我有一个python代码,可从足球结果和赔率网站上抓取一页
from selenium import webdriver
from selenium.webdriver.common.by import By
from selenium.webdriver.support.ui import WebDriverWait
from selenium.webdriver.support import expected_conditions as EC
from bs4 import BeautifulSoup as bs
import pandas as pd
import copy
import numpy as np
results = []
d = webdriver.Chrome(executable_path = r'C:\chromedriver_win32\chromedriver.exe')
u = 'https://1x2.lucksport.com/result_en.shtml?dt=' + '2019-05-02' + '&cid=156'
d.get(u)
WebDriverWait(d, 20).until(EC.presence_of_all_elements_located((By.CSS_SELECTOR, "#odds_tb tr[class]")))
soup = bs(d.page_source, 'lxml')
rows = soup.select('#odds_tb tr[class]')
headers = ['Comp', 'Time', 'Match' ,'Odds', 'H', 'A', 'Res']
i = 1
for row in rows[1:]:
cols = [td.text for td in row.select('td')]
if (i % 2 == 1):
record = {'Comp' : cols[0],
'Time' : cols[1],
'Match' : ' v '.join([cols[2], cols[6]]),
'Odds' : 'op',
'H' : cols[3],
'A' : cols[5],
'Res' : cols[7]}
else:
record['Odds'] = 'cl'
record['H'] = cols[0]
record['A'] = cols[2]
results.append(copy.deepcopy(record))
i+=1
df = pd.DataFrame(results, columns = headers)
d.quit()
我想创建一个循环并刮取所有以前的日期(对于特定的日期范围(例如上个月)),因此我创建了一个日期列表以在循环中使用它:
D = datetime.datetime.now().date()
date_list = [D - datetime.timedelta(days=x) for x in range(0, 30)]
dates = []
for i in date_list:
date = str(i)
dates.append(date)
然后我尝试创建一个循环,希望该循环返回所有先前日期数据的数据框
results = []
for date in dates:
d = webdriver.Chrome(executable_path = r'C:\chromedriver_win32\chromedriver.exe')
u = 'https://1x2.lucksport.com/result_en.shtml?dt=' + date + '&cid=156'
i = 1
d.get(u)
WebDriverWait(d, 20).until(EC.presence_of_all_elements_located((By.CSS_SELECTOR, "#odds_tb tr[class]")))
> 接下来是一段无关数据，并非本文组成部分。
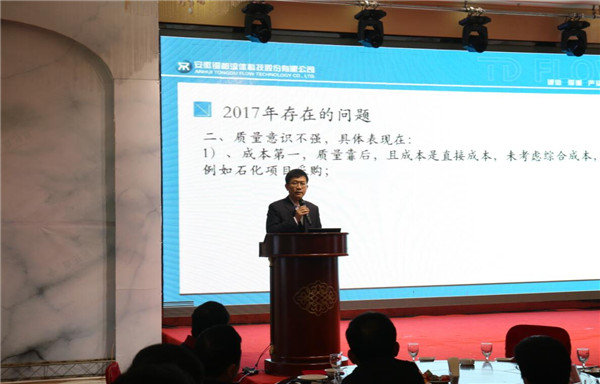 年會上,公司副總經理楊凌杰作2017年度營銷工作報告, 公司總經理趙小虎對2017年度工作作了全面總結,充分肯定了公司近三年來各項核心指標均實現(xiàn)兩位數(shù)增長的成績,指出了目前管理工作中存在的不足,提出了具體改進措施,并明確了2018年核心經營目標。公司董事長楊成結合行業(yè)及公司當前發(fā)展趨勢,從公司長遠發(fā)展、做大做強戰(zhàn)略高度,深刻分析了銅都流體面臨嚴峻的挑戰(zhàn)形勢,并指明企業(yè)的發(fā)展策略以及發(fā)展措施,并號召全體員工不忘初心,繼續(xù)發(fā)力,使銅都流體新年再上新臺階。

soup = bs(d.page_source, 'lxml')
rows = soup.select('#odds_tb tr[class]')
headers = ['Comp', 'Time', 'Match' ,'Odds', 'H', 'A', 'Res', 'Date']
for row in rows[1:]:
cols = [td.text for td in row.select('td')]
if (i % 2 == 1):
record = {'Comp' : cols[0],
'Time' : cols[1],
'Match' : ' v '.join([cols[2], cols[6]]),
'Odds' : 'op',
'H' : cols[3],
'A' : cols[5],
'Res' : cols[7],
'Date' : date}
else:
record['Odds'] = 'cl'
record['H'] = cols[0]
record['A'] = cols[2]
results.append(copy.deepcopy(record))
i+=1
d.quit()
df = pd.DataFrame(results, columns = headers)
但它返回错误
TypeError Traceback (most recent call last)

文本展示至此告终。